Elastin-like polypeptides (ELPs) cause plants to store GM proteins in special 'protein bodies', insulating them from normal cellular degradation processes and increasing the overall protein yield. Researchers writing in the open access journal BMC Biology have visualised the mechanism by which the synthetic biopolymer increases the accumulation of recombinant proteins.
Rima Menassa worked with a team of researchers from Agriculture and Agri-Food Canada in London, Ontario, to develop and test the ELP tags by targeting an ELP-green fluorescent protein (GFP) fusion to various organelles in the leaves of the tobacco plant. Tobacco is well-suited as a production system for recombinant proteins but the mechanism by which ELP fusions increase production yields in transgenic tobacco leaves was previously unknown. Menassa said, "ELP was shown to almost double the yield of GFP to 11% of total soluble protein when hyperexpressed in the endoplasmic reticulum (ER)".

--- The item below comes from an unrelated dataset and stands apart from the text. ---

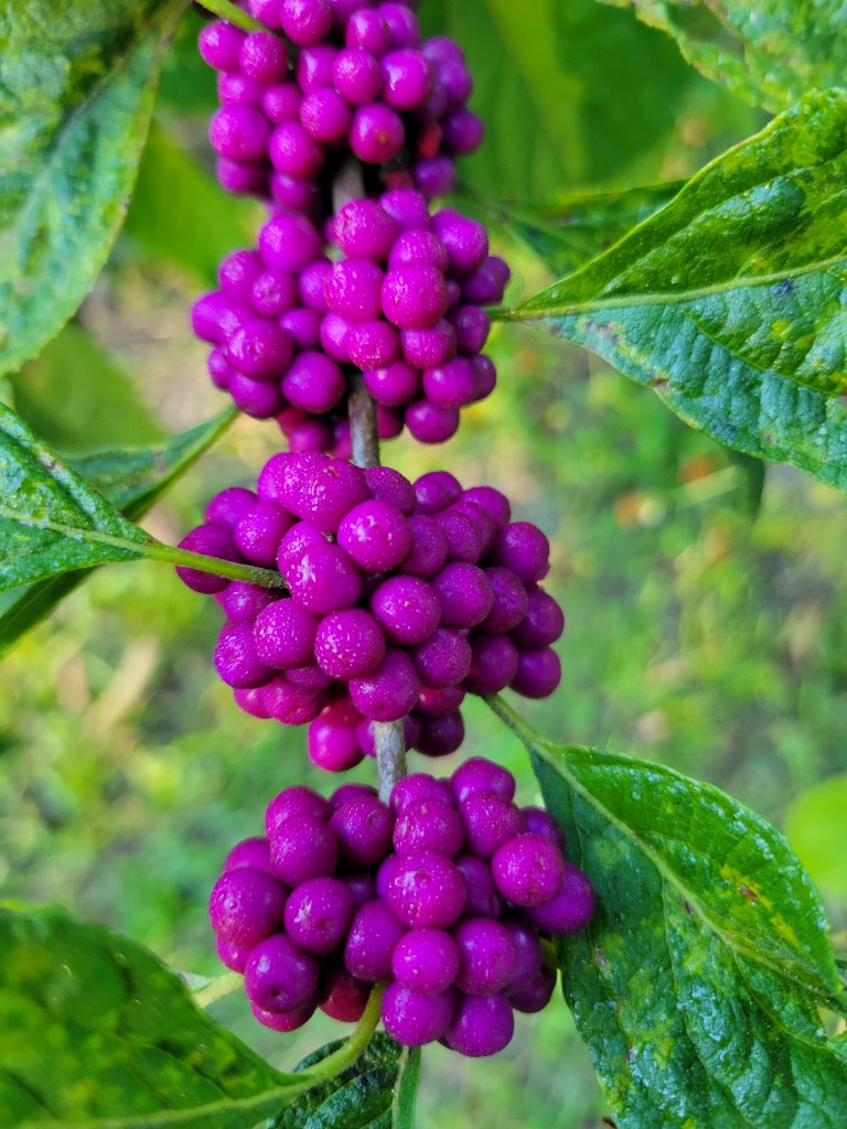 This is the American Beautyberry, and it grows everywhere. The fruit has a slight bitterness, good to eat, and the leaves make an effective bug spray, safe for the skin.
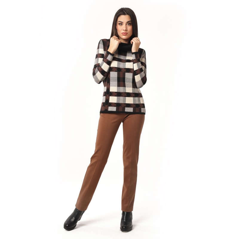 maglia jaquard geometrico con collo a ciambella 70% viscosa 20% lana 10% spandex

Based on their confocal and electron microscopy analyses, the researchers suggest that ELP fusions targeted to the ER induce the formation of novel mobile protein body-like structures in leaves, which appear similar in size and morphology to the prolamin-based protein bodies naturally found in plant seeds. These bodies may be responsible for ELP's positive effect on recombinant protein accumulation by excluding the heterologous protein from normal physiological turnover.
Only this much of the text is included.